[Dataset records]
* * *

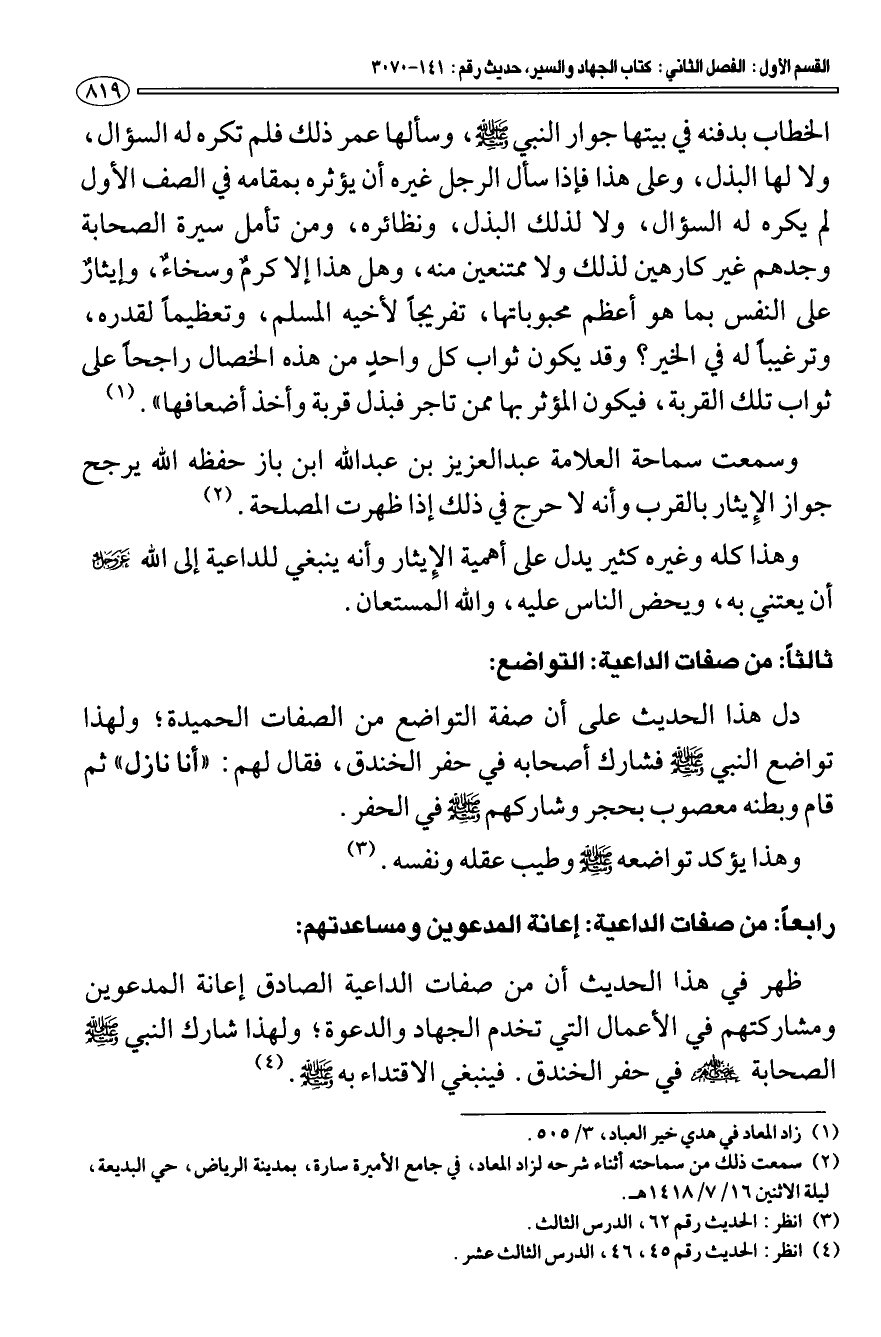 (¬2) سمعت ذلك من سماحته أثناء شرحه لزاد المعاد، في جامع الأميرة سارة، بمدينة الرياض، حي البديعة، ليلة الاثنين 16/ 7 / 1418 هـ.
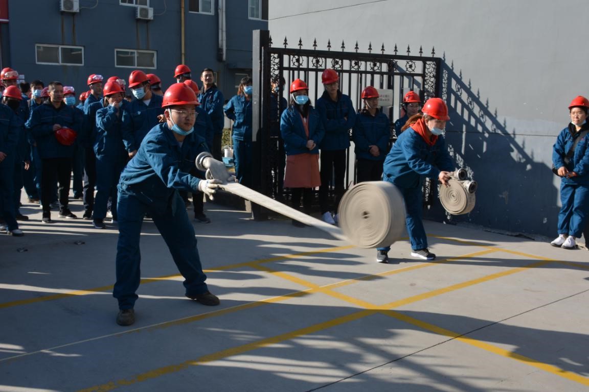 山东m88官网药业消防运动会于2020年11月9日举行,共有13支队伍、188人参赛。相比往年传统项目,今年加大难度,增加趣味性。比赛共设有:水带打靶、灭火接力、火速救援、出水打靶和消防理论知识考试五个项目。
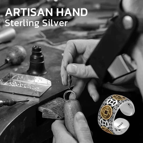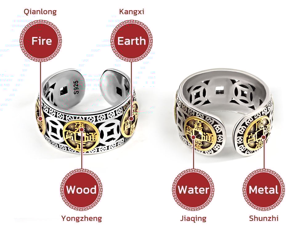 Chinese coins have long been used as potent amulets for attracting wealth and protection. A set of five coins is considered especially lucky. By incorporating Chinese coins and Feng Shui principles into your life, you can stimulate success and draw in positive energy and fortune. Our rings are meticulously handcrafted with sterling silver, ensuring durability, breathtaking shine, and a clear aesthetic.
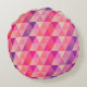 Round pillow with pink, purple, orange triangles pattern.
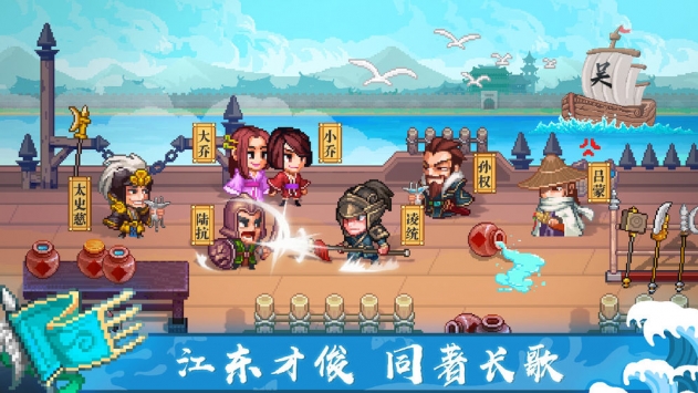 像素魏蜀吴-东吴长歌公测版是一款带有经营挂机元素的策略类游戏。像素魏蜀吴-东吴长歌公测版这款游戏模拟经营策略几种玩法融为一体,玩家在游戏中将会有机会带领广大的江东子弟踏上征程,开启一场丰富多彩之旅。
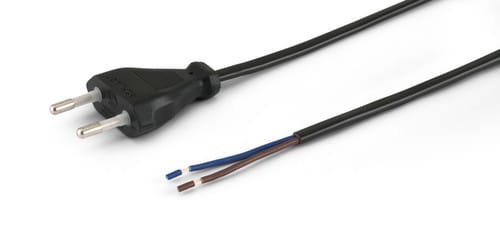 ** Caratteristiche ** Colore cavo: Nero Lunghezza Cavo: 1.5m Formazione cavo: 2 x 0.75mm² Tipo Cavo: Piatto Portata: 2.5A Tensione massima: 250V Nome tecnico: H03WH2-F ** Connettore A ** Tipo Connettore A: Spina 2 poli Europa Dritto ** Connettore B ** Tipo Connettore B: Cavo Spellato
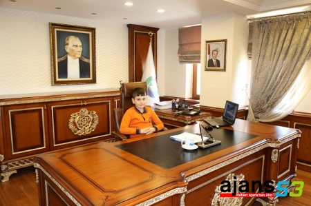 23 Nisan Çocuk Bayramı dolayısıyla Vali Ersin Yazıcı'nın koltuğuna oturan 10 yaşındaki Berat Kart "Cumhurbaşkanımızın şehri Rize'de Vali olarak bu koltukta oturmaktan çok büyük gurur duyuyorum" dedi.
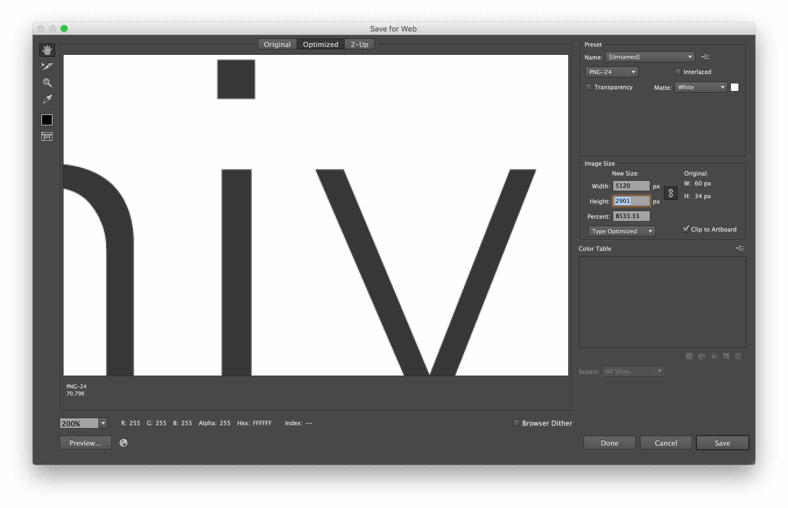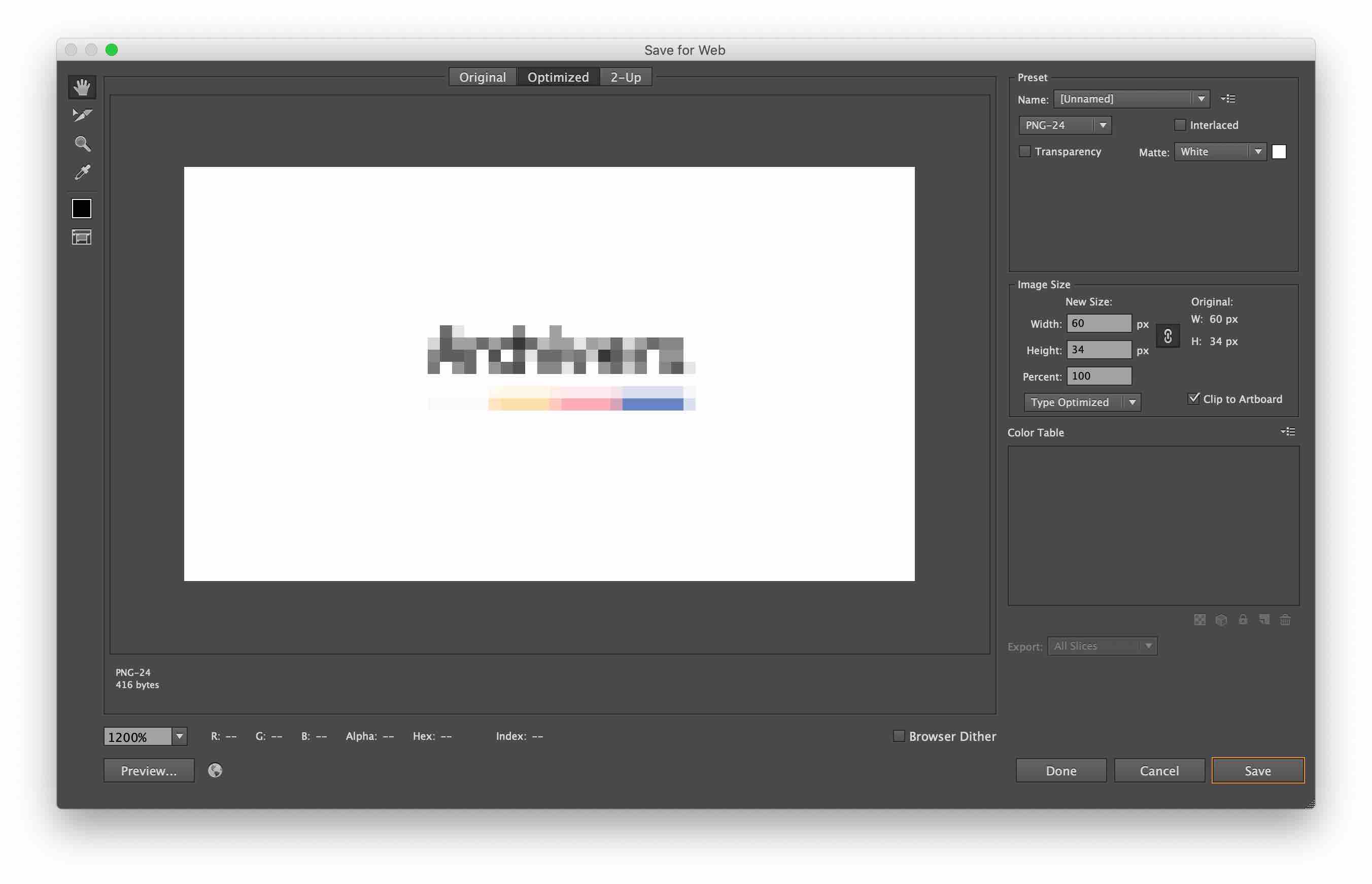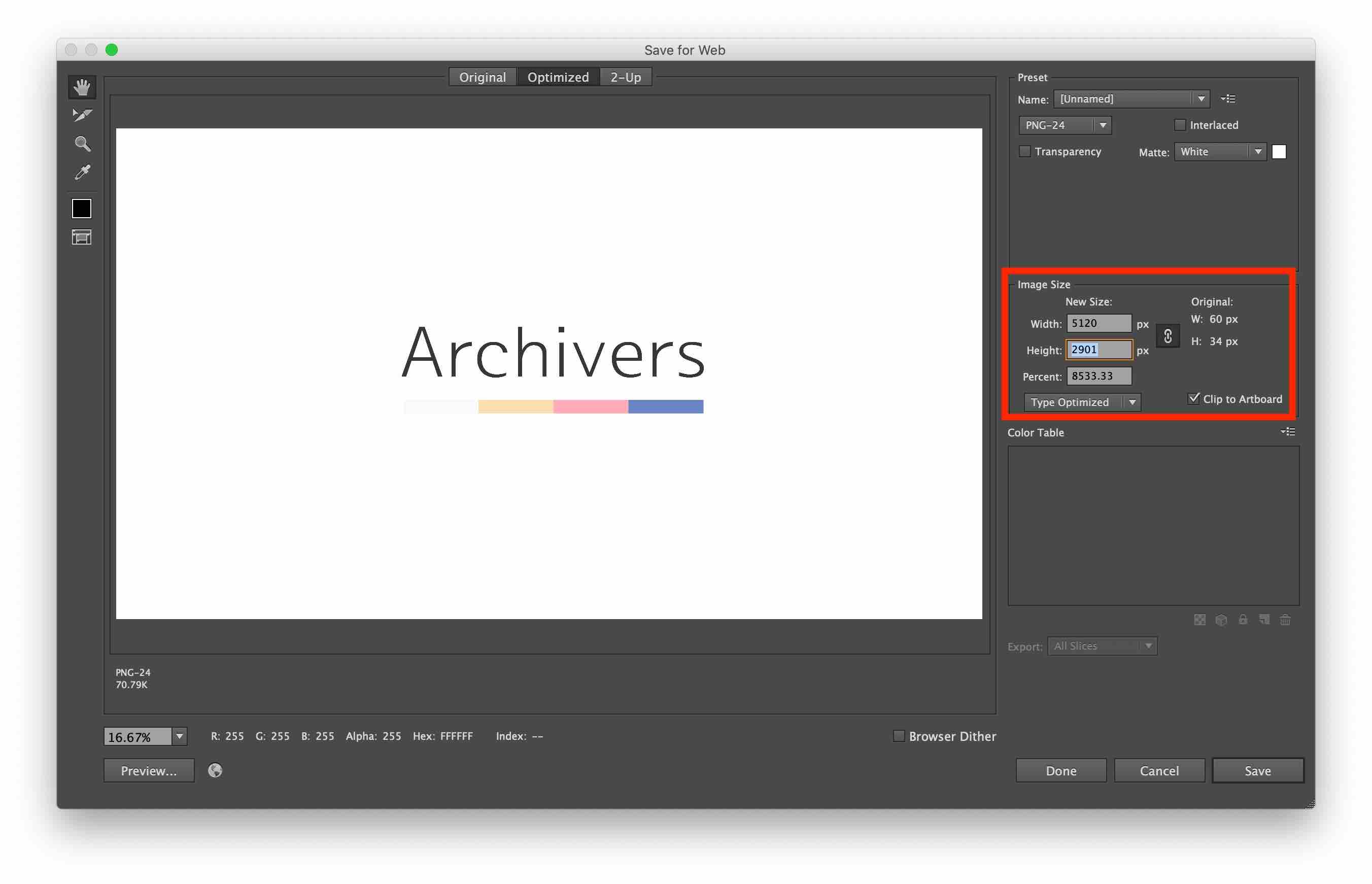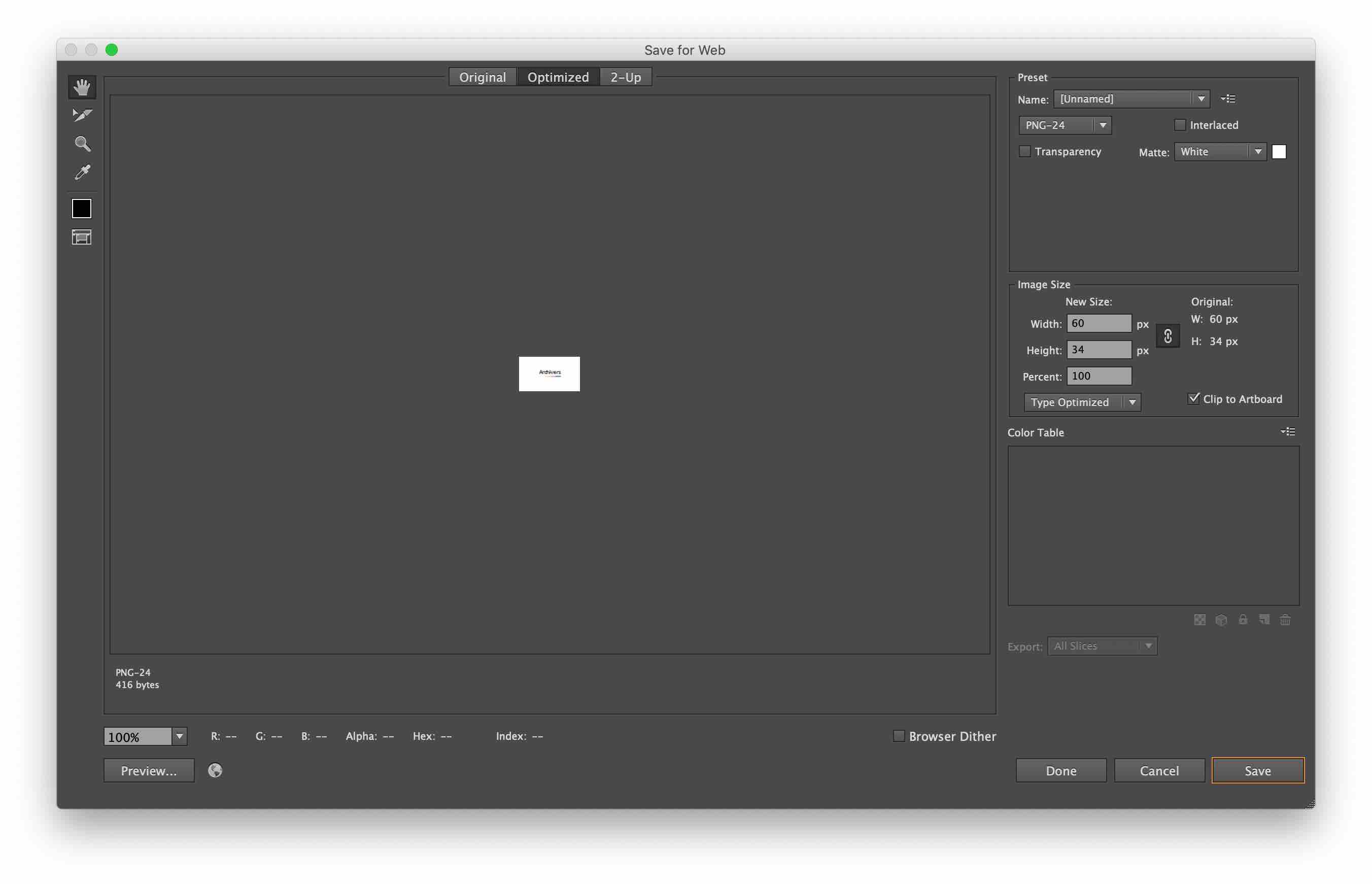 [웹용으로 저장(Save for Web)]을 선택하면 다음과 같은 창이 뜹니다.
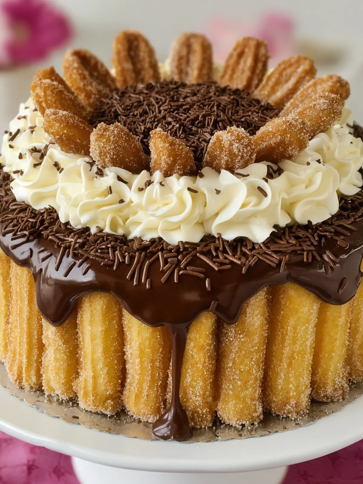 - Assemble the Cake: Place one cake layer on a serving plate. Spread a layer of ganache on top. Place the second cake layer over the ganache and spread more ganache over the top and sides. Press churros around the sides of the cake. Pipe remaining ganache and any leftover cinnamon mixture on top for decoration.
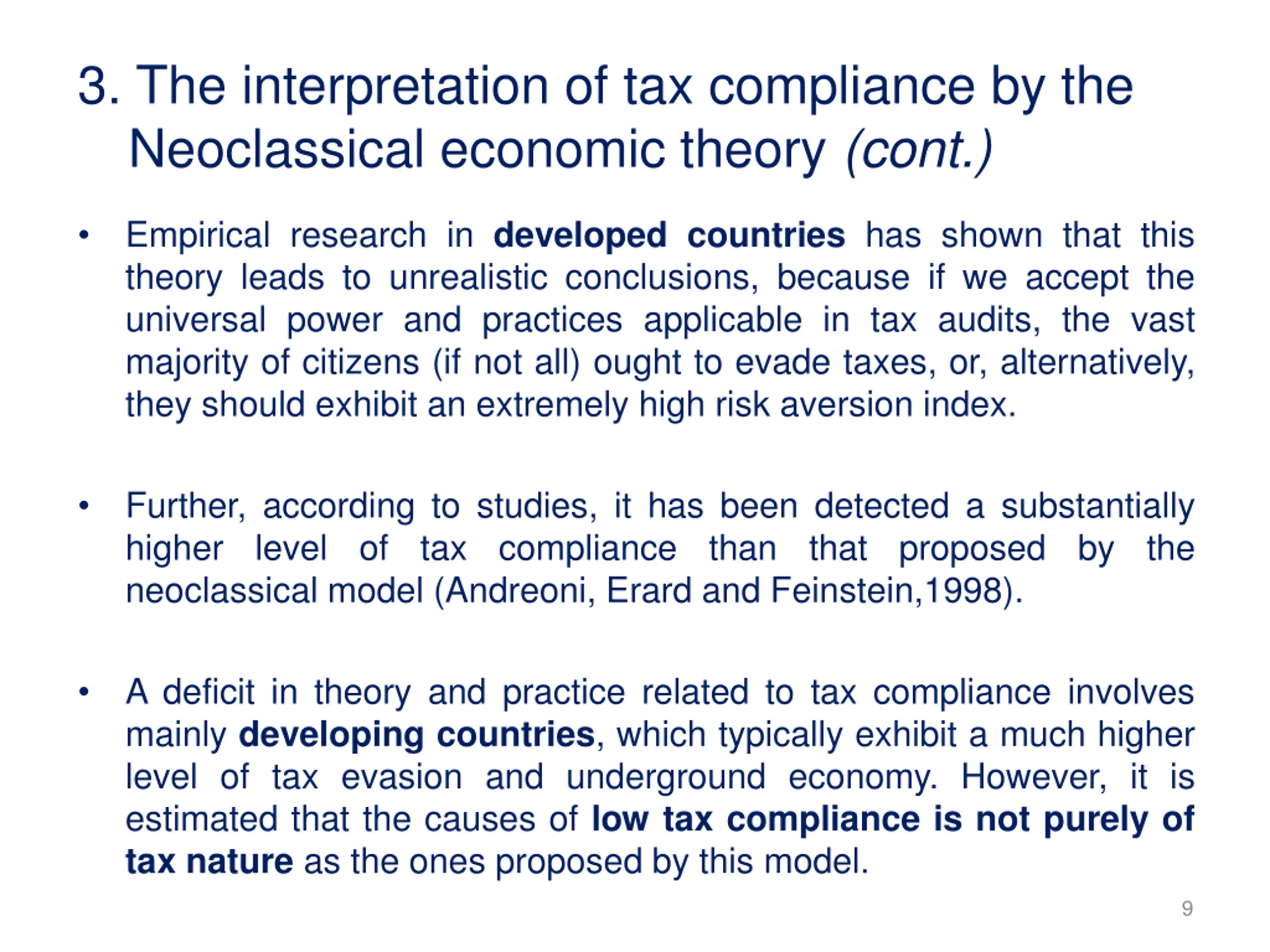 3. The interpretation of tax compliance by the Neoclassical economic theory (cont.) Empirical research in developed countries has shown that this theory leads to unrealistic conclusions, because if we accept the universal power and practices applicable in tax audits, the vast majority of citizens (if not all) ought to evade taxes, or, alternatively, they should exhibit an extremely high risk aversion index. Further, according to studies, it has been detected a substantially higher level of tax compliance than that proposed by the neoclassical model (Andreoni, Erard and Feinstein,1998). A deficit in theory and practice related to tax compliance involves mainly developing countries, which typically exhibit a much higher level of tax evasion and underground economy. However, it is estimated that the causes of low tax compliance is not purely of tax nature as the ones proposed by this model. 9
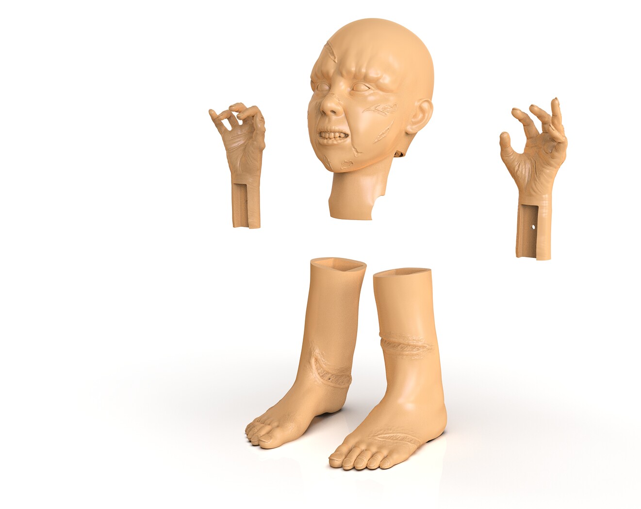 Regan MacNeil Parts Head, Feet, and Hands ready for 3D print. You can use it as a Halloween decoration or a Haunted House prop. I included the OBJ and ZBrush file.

* * *

Return exactly the lines of the data, beginning with the first and ending with the line containing "[웹용으로 저장(Save for Web)]을 선택하면 다음과 같은 창이 뜹니다.". Skip the pictures.

** RESULT BELOW **
 (¬2) سمعت ذلك من سماحته أثناء شرحه لزاد المعاد، في جامع الأميرة سارة، بمدينة الرياض، حي البديعة، ليلة الاثنين 16/ 7 / 1418 هـ.
 山东m88官网药业消防运动会于2020年11月9日举行,共有13支队伍、188人参赛。相比往年传统项目,今年加大难度,增加趣味性。比赛共设有:水带打靶、灭火接力、火速救援、出水打靶和消防理论知识考试五个项目。
 Chinese coins have long been used as potent amulets for attracting wealth and protection. A set of five coins is considered especially lucky. By incorporating Chinese coins and Feng Shui principles into your life, you can stimulate success and draw in positive energy and fortune. Our rings are meticulously handcrafted with sterling silver, ensuring durability, breathtaking shine, and a clear aesthetic.
 Round pillow with pink, purple, orange triangles pattern.
 像素魏蜀吴-东吴长歌公测版是一款带有经营挂机元素的策略类游戏。像素魏蜀吴-东吴长歌公测版这款游戏模拟经营策略几种玩法融为一体,玩家在游戏中将会有机会带领广大的江东子弟踏上征程,开启一场丰富多彩之旅。
 ** Caratteristiche ** Colore cavo: Nero Lunghezza Cavo: 1.5m Formazione cavo: 2 x 0.75mm² Tipo Cavo: Piatto Portata: 2.5A Tensione massima: 250V Nome tecnico: H03WH2-F ** Connettore A ** Tipo Connettore A: Spina 2 poli Europa Dritto ** Connettore B ** Tipo Connettore B: Cavo Spellato
 23 Nisan Çocuk Bayramı dolayısıyla Vali Ersin Yazıcı'nın koltuğuna oturan 10 yaşındaki Berat Kart "Cumhurbaşkanımızın şehri Rize'de Vali olarak bu koltukta oturmaktan çok büyük gurur duyuyorum" dedi.
 [웹용으로 저장(Save for Web)]을 선택하면 다음과 같은 창이 뜹니다.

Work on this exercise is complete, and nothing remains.